Abstract
Acute pulmonary thromboembolism (PTE) can range from asymptomatic cases to severe presentations with cardiogenic shock. We report a 67-year-old male with diabetes and hypertension, presenting with progressive dyspnea and hemodynamic instability. Clinical examination revealed sinus tachycardia, right ventricular dysfunction on echocardiography, and elevated biomarkers indicative of PTE. Chest X-ray showed classic signs including Westermark's, Palla's, Fleischner's and Chang's signs, raising suspicion for PTE, which was confirmed via CT pulmonary angiogram showing extensive thrombi. The patient was treated with intravenous thrombolysis and anticoagulation, resulting in clinical improvement and normalization of imaging findings. This case underscores the diagnostic relevance of chest X-ray in emergency settings for suspected PTE.
Introduction
Pulmonary thromboembolism (PTE) is a critical medical condition with diverse clinical presentations, ranging from asymptomatic sub-segmental emboli to life-threatening events characterized by cardiogenic shock and multi-organ failure. The rapid and unpredictable onset of PTE poses significant diagnostic challenges, especially in emergency settings [1]. Although computed tomography pulmonary angiography (CTPA) is the gold standard for diagnosis, the role of chest X-ray (CXR) in suggesting PTE through specific radiographic signs should not be overlooked. Classical signs such as Westermark's sign, Palla's sign, Fleischner's sign and Chang's sign, although uncommon, may provide vital clues to prompt further diagnostic evaluation. This case highlights the diagnostic value of these CXR signs, emphasizing the importance of early imaging in suspected PTE.
Case report
A 67-year-old male with a history of diabetes and hypertension presented to the emergency department with progressive dyspnea over four days. On arrival, he exhibited signs of hemodynamic instability, including a respiratory rate of 26 breaths per minute, heart rate of 120 beats per minute, blood pressure of 90/60 mmHg, and oxygen saturation (SpO₂) of 88% on room air. Electrocardiography (ECG) revealed sinus tachycardia, inverted T waves in the precordial leads, and an S1Q3T3 pattern, which are suggestive of right ventricular strain. Given the clinical presentation, an urgent chest X-ray was performed to evaluate differential diagnoses such as pulmonary embolism (PE), pneumothorax, pneumonia, or pleural effusion.
The chest X-ray demonstrated several key findings:
Bilateral focal areas of translucency (oligemia) in the middle and lower lung zones (Westermark's sign, yellow circle in Fig. 1A) [2, 3].

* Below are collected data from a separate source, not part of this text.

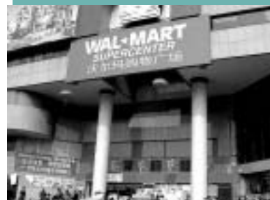
Fu Zhou Wal-Mart Supercenter
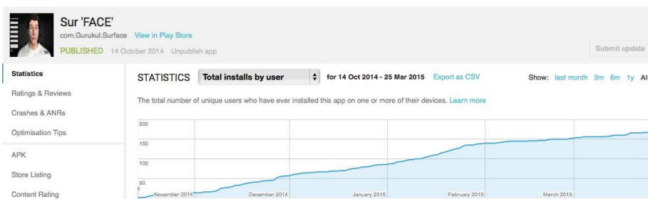
Fig. 6. Statistics showing total user installs of Sur-Face in a month wise manner.

Google Play store and iTunes Store distributes the apps developed for Android and iOS platforms respectively (24). A developer account was created before exporting Sur-Face app into the app store. Once the upload was done, the cost was set to free and in 24 hours, it was made available for download. The app was downloaded 167 times till date with most number of downloads from Brazil followed by Russia and United Kingdom. Figure 6 shows the statistics of total installs by users in a month wise manner as represented in Android developer portal.
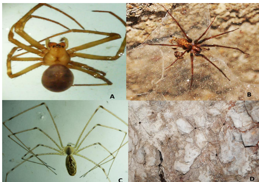
Figure 9. Meta bourneti (A) from Sakarya province, Tegeneria faniapollinis (B) from Kırıkkale province, Holocnemus pluchei (C) from Northern Cyprus and opiliones (D) from Sakarya province.

However, studies on cave dweller invertebrates are very scarce from Turkey and North Cyprus (Kunt et al. , 2010; 2016). Kunt et al. , (2010) examined the invertebrates of caves in detailed with 203 species, including phylum Mollusca, subclassis Oligochaeta and Hirudinea, classis Arachnida, Diplopoda, Chilipoda and Insecta and subphylum Crustaceae in Turkey, and of them, 104 species are determined as endemic to Anatolia. In this preliminary study, we recorded species from the phylum Mollusca, orders Araneae and Orthoptera, Amblypygi, Ophilonies and Coleoptera from the caves (Figures 8-9). Kunt et al. , (2010) recorded Meta bourneti from the caves in Yalova and Bursa provinces, Tegeneria faniapollinis from Hatay province and Holocnemus pluchei from Elazığ and Kahramanmaraş. However the localities, given in the present study from Sakarya, Kırıkkale provinces and Northern Cyprus, are recorded for the first time. In addition, individuals in hibernation from the order Lepidoptera and cave crickets are also recorded near the entrances of the caves from Karabük and Sakarya provinces, respectively (Figure 10).
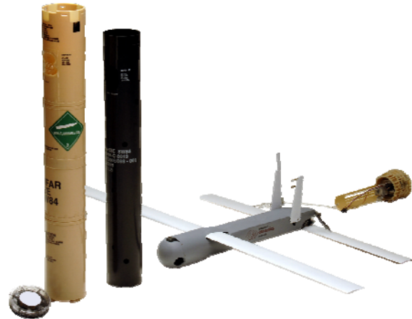
Figure 5. Coyote UAV and sonobuoy packaging

Coyote – The Coyote was build for a specific design requirement that it could be stored and launched from a standard sonobuoy tube as shown in Figure 5.

Prominent right descending pulmonary artery (RDPA), also referred to as Palla's sign or Fleischner's sign (black arrow in Fig. 1A) [2–5].
Dilated RDPA with abrupt vascular cutoff, consistent with Chang's sign (white arrowhead in Fig. 1A) [6].
(A) Pre-thrombolysis chest radiograph showing: focal oligemia in the right and left lung zones (yellow circles), consistent with Westermark's sign; a prominent right descending pulmonary artery (RDPA) (black arrow), indicative of Palla's sign; and an abrupt cutoff of the dilated RDPA (white arrowhead), referred to as Chang's sign.
(B) Post-thrombolysis chest radiograph demonstrating improved visualization of the pulmonary vasculature in both lung fields and clearer delineation of the RDPA
Citation: Imaging 2025; 10.1556/1647.2024.00264
These radiographic findings (Fig. 1A) strongly raised the suspicion of an acute pulmonary thromboembolism (PTE), prompting further diagnostic evaluation with a computed tomography pulmonary angiogram (CTPA). The CTPA confirmed the diagnosis by revealing large thrombi in both the right and left pulmonary arteries, nearly occluding the lumens and extending into the segmental and sub-segmental branches (Fig. 2).
Contrast-enhanced CT pulmonary angiograms (axial view) showing thrombi within the bilateral pulmonary arteries (PA) and their segmental branches
Citation: Imaging 2025; 10.1556/1647.2024.00264
Echocardiography further supported the diagnosis, showing severe pulmonary hypertension and right ventricular (RV) dysfunction. Laboratory tests revealed elevated biomarkers, including NT-proBNP (14,437 pg mL−1), Troponin T (0.06 ng mL −1), D-dimer (8,000 ng mL −1 FEU), and a creatinine level of 1.6 mg dL−1, further corroborating the severity of the condition. These findings classified the patient as having a high-risk PE, necessitating immediate systemic thrombolysis.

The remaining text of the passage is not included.